La singularité et la réussite du film tiennent dans le rapport ouvertement dissident qu’il entretient avec la tradition du film documentaire. Objet quasiment unique au sein de la compétition, en compagnie de l’effrayant Arcana, John and Jane se joue des impondérables pour emmener le spectateur du côté de la (science) fiction. Loin de tout dogmatisme, le réalisateur questionne avec pertinence le rapport du documentariste au réel. Réfutant l’idée d’un enregistrement objectif et brut de la réalité, il construit chaque plan, amène chaque mouvement de caméra, impose une temporalité qui, loin de dénaturer son propos, le rendent d’autant plus percutant.
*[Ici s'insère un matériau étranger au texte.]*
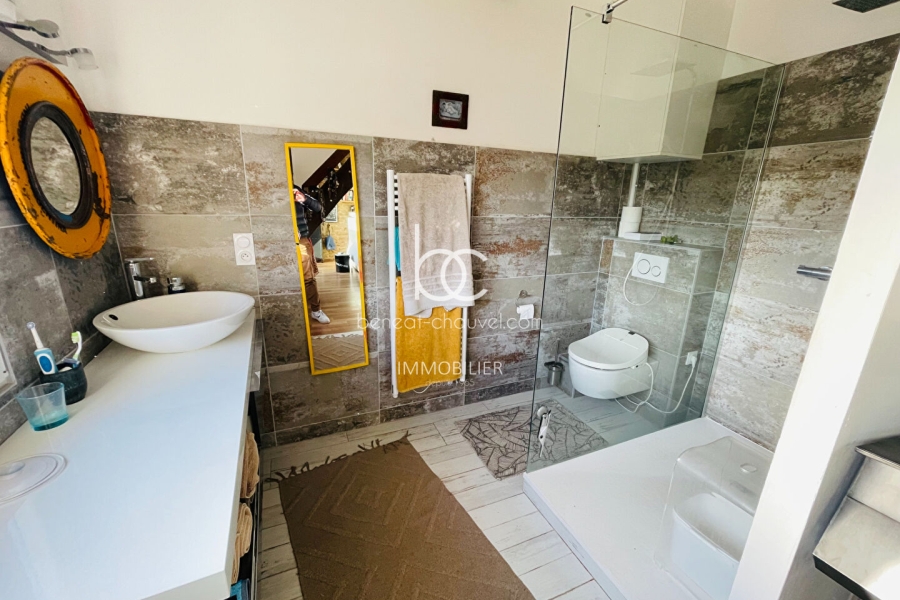 Au premier étage, un palier dessert deux chambres dont une donnant sur une terrasse avec une vue imprenable sur l'entrée du Golfe du Morbihan. Une salle d'eau avec WC vient compléter ce niveau.
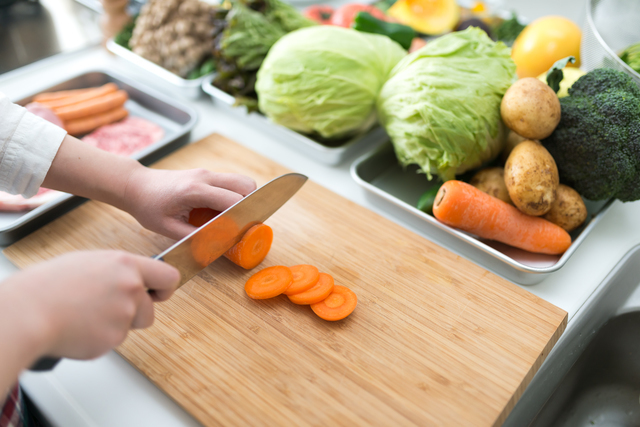 2. たまねぎと好みの野菜を細かく切ります。にんじん等の硬い野菜を使う時は、あらかじめレンジで1~2分加熱しておきます。
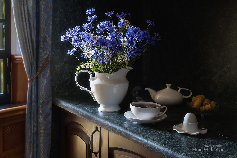 натюрморт, лето, утро, полевые цветы, васильки, завтрак, кухня, Ирина Приходько
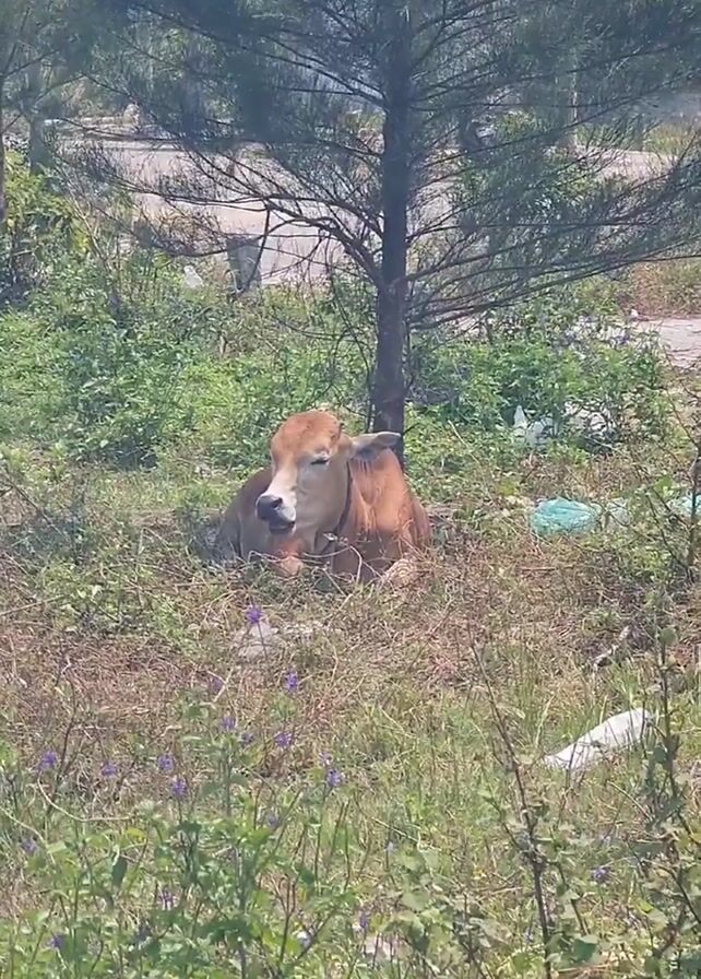 A light brown cow is lying down in an area of overgrown grass and weeds with a few small trees nearby. The cow is facing towards the left of the frame. A collar can be seen around the cow's neck. Some litter, including a green plastic bag and white items, is scattered in the background. A road and some buildings are visible in the far background. The weather appears to be sunny.
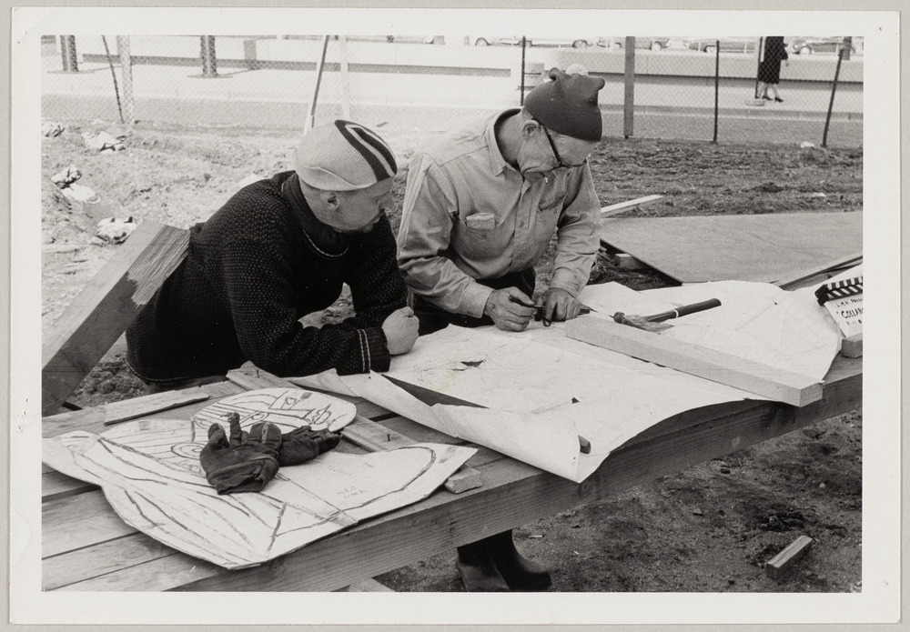 Carl Nesjar et un homme travaillant sur un plan au cours de la réalisation de…
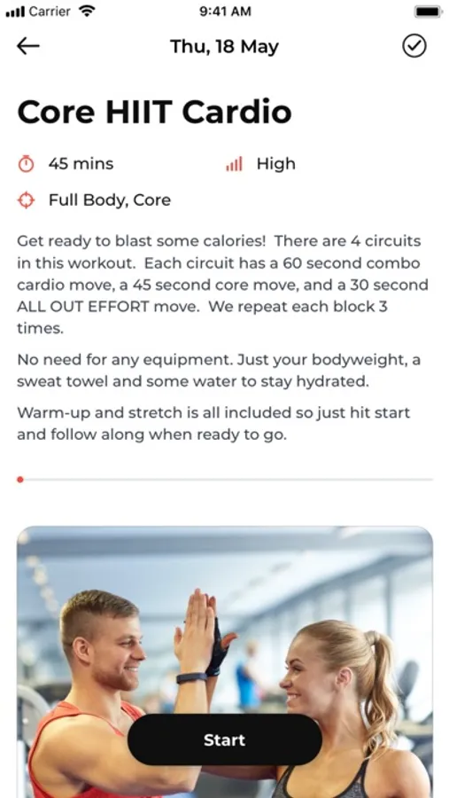 App also uses Apple Health to track energy burned and heart rate during a workout session, if an Apple Watch is used.
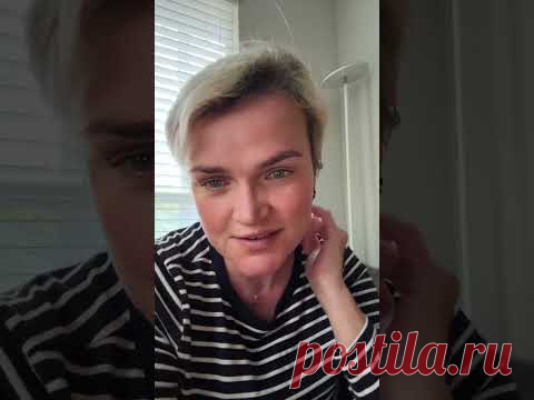 Женщина в полосатой футболке смотрит в камеру. Фон включает окно с жалюзи и лампу.
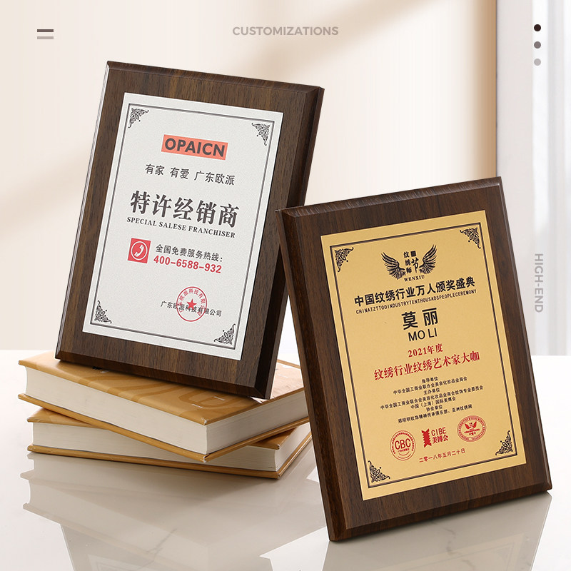 Gold pearlescent aluminum medal Silver pearlescent aluminum medal Black crystal mirror model Imitation walnut aluminum plate authorization plate Imitation wood aluminum plate authorization plate Gold zinc alloy medal Silver zinc alloy medal Gold aluminum
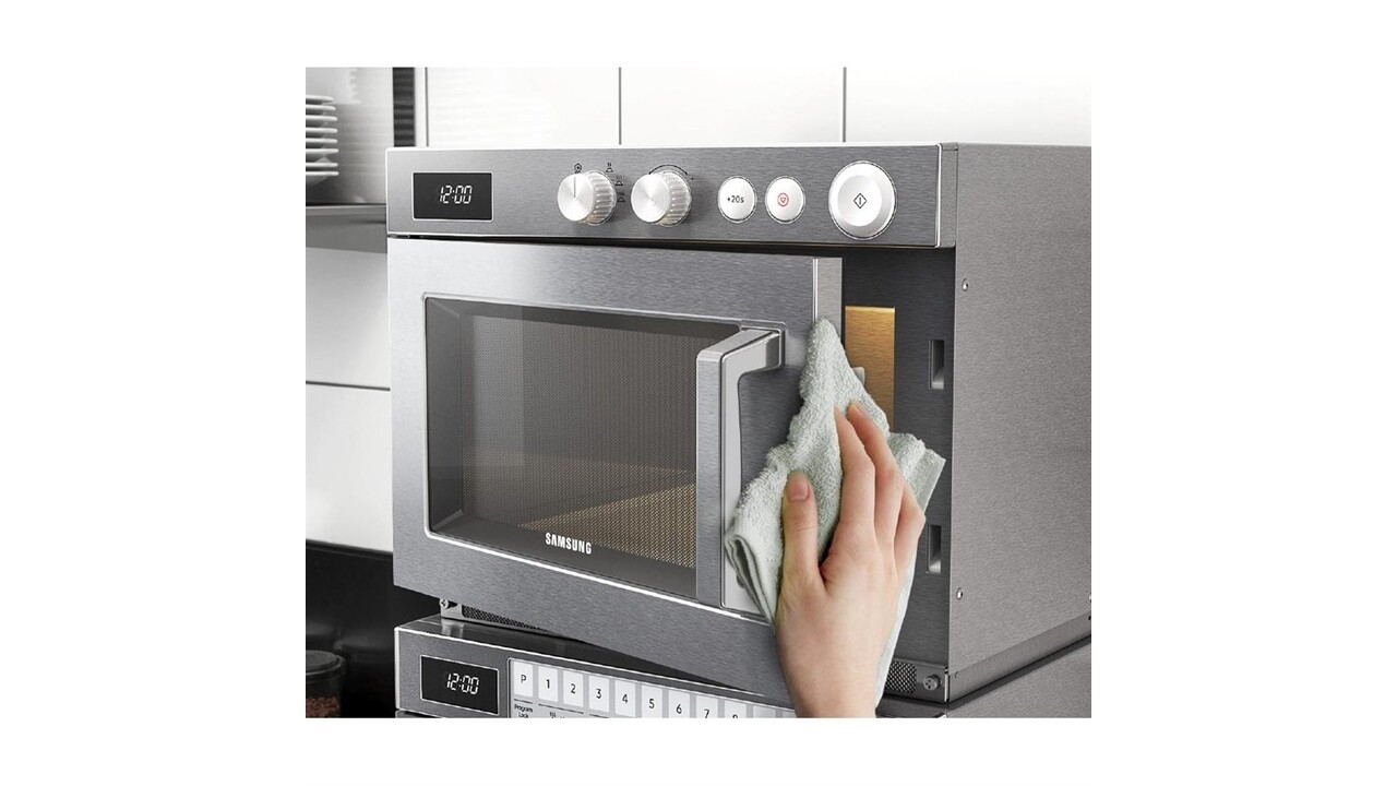 For further flexibility, the Samsung is big enough to fit microwave-safe 2/3GN size containers, so there's plenty of performance to microwave large quantities all at the same time. Whether it's installed in a café, restaurant or canteen, the Samsung microwave is a great choice for the professional.
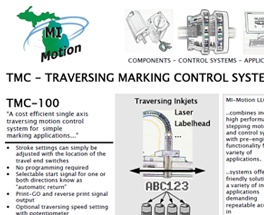 Tracking, date coding and barcodes require continuous ink jet and laser print capabilities. We work closely with ink jet manufacturers to supply the motion control that works with the print head required. We offer single and multi-dimensional Cartesian axes with integrated motor and controls. The results are less wiring, smaller E-cabinets and fewer spare parts. The benefit to you is one source for a complete system, either standard or customized. These are the industries that our product is currently working within.
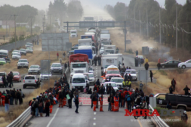 Día 1).-Se realiza bloqueo de la carretera 45 por trabajadores mineros, como acto de protesta ante el anuncio del impuesto minero anunciado por el gobierno del Estado.
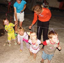 К каждому на пояс привязывалась конфета на тонкой нитке так, чтобы при беге она обязательно волочилась на земле. Суть игры: нужно догнать конфету другого, при этом не дать наступить на свою. Но нашим трехлеткам, конечно же, было интересно догнать конфету и съесть ее.:) В одной из конфет была спрятана первая буква "Л".

Faut-il se contenter d’une caméra numérique, d’une image tremblante, d’une bande-son inexistante pour se targuer d’enregistrer LA réalité ? Ici, le cinéaste et le cinéma sont omniprésents, revendiquent un traitement subjectif du réel auquel tout matériau documentaire est finalement sujet. Ce que le film perd en pseudo-objectivité et en linéarité, il le gagne en acuité, en rythme et en poésie visuelle. Deux ans de travail sur les rushes pour finalement atteindre à un montage aux coupes chirurgicales. C’est dans ce choix de cinéma que le film fait corps avec son sujet. Dans les deux cas, la fiction contamine et dépasse la réalité. Pour le plus grand plaisir du spectateur qui esquive une énième variation sur le thème de la mutation sociologique en tant que pensum mal dégrossi, mais assiste, bienheureux, à un récit cinématographique auquel il adhère naturellement.

Influences souterraines

Pour mieux enfoncer le coin dans un film où l’audace plastique transcende une enquête rigoureuse, Ahluwalia peaufine son propos, lui adjoint un environnement sonore savamment élaboré. Comme une évocation subliminale du rapport fondamentalement irréel, irrationnel et surnaturel que les personnages entretiennent avec leur quotidien, la bande son envoûte, nous invite dans un univers où les intrusions électroniques minimalistes, parfois planantes matérialisent avec acuité la sensation hypnotique que le spectateur peut entretenir avec le récit implacable d’une désagrégation identitaire.

Les oreilles plaquées à la syncope synthétique et arythmique d’un Photek et les perturbations cosmique d’un Notwist, on se prend soudain à croire à un film mutant qui assume ses influences à mille lieues du regard documentaire commun mais à quelques encablures de la science-fiction et du film d’anticipation.

Et le spectateur d’entrevoir, entre extase et effroi les univers prophético-apocalyptiques de Carpenter, Cronenberg ou Orwell soudain incarnés au sein d’un regard, étrange agrégat que le devenir de ces protos employés modèles, loin de tout moralisme. Car pour mieux boucler la boucle et réaffirmer la position du documentariste, Ahluwalia, malgré l’exercice formaliste périlleux que constitue son film, trouve constamment la bonne distance pour donner à son récit de l’intime une portée universelle.